July 11 2013

Wal-Mart May Say Bye-Bye to District after Council Votes to Appease Labor Unions

Charlotte Hays

The District of Columbia’s council has cut off its nose to spite its face: the council voted yesterday to require big employers to pay 50 percent more than the minimum wage.

Wal-Mart—the company at which this was aimed—is to be commended for announcing in the wake of the vote that it is abandoning plans to build three new stores in Washington, D.C.  It will also review arrangements regarding the three stores it currently operates in Washington.

Bravo for Wal-Mart for refusing to buckle under to the council’s capricious and ultimately harmful decision. The bill was aimed at Wal-Mart, so much so that Charles Krauthammer compared it last night on Fox to a bill of attainder.  

Wal-Mart would have brought jobs and inexpensive groceries and other goods to poor neighborhoods, but the unions didn't want that. Union shops, by the way, are exempt from the new law. Wal-Mart, which is not unionized, has long been a thorn in the side of the unions. Right-thinking liberals also hate Wal-Mart, though I bet they aren't above availing themsleves of some of the goods and services provided by the retain giant.
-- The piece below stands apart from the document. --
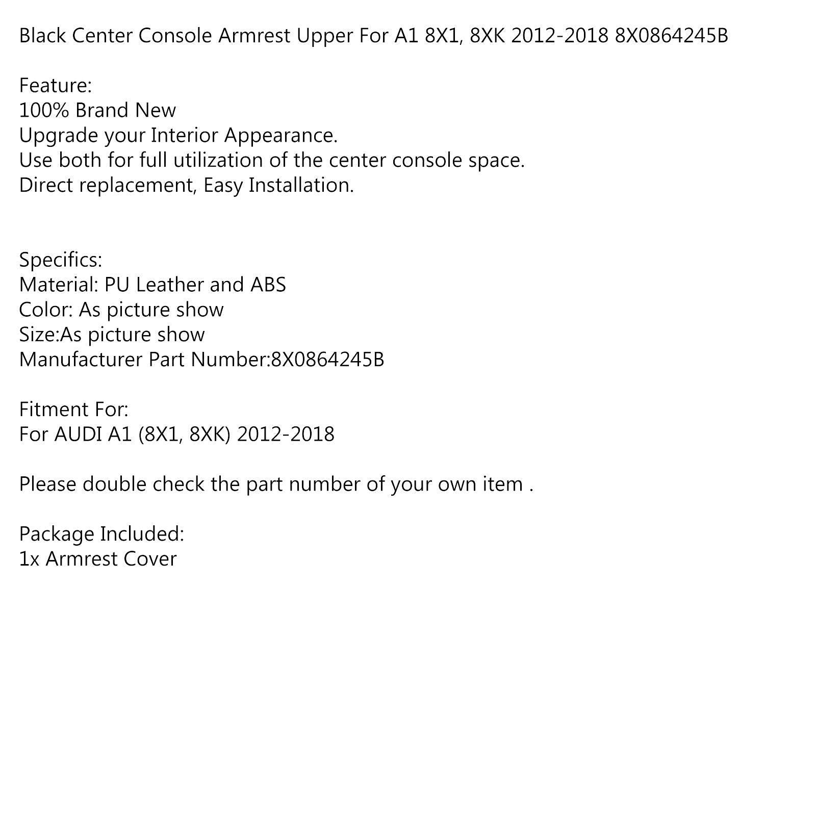 2012-2018 Audi A1 8X1 8XK 2012-2018 Center Console Armrest Upper 8X0864245B Black

So here is what went down: in an attempt to stay in good with big labor, the council used its power in a way that will have a negative impact on poor neighborhoods. Irritatingly, they will pose as the protectors of the very poor whose neighborhoods will take the hit.

The vote was close—five to eight—and that means that Mayor Vincent Gray could decide to veto it.

Whatever happens, Wal-Mart is right in refusing to play ball.

In effect, Wal-Mart is hanging tough and declining to help these pols curry the favor of big labor at the public's--and a corporation's--expense.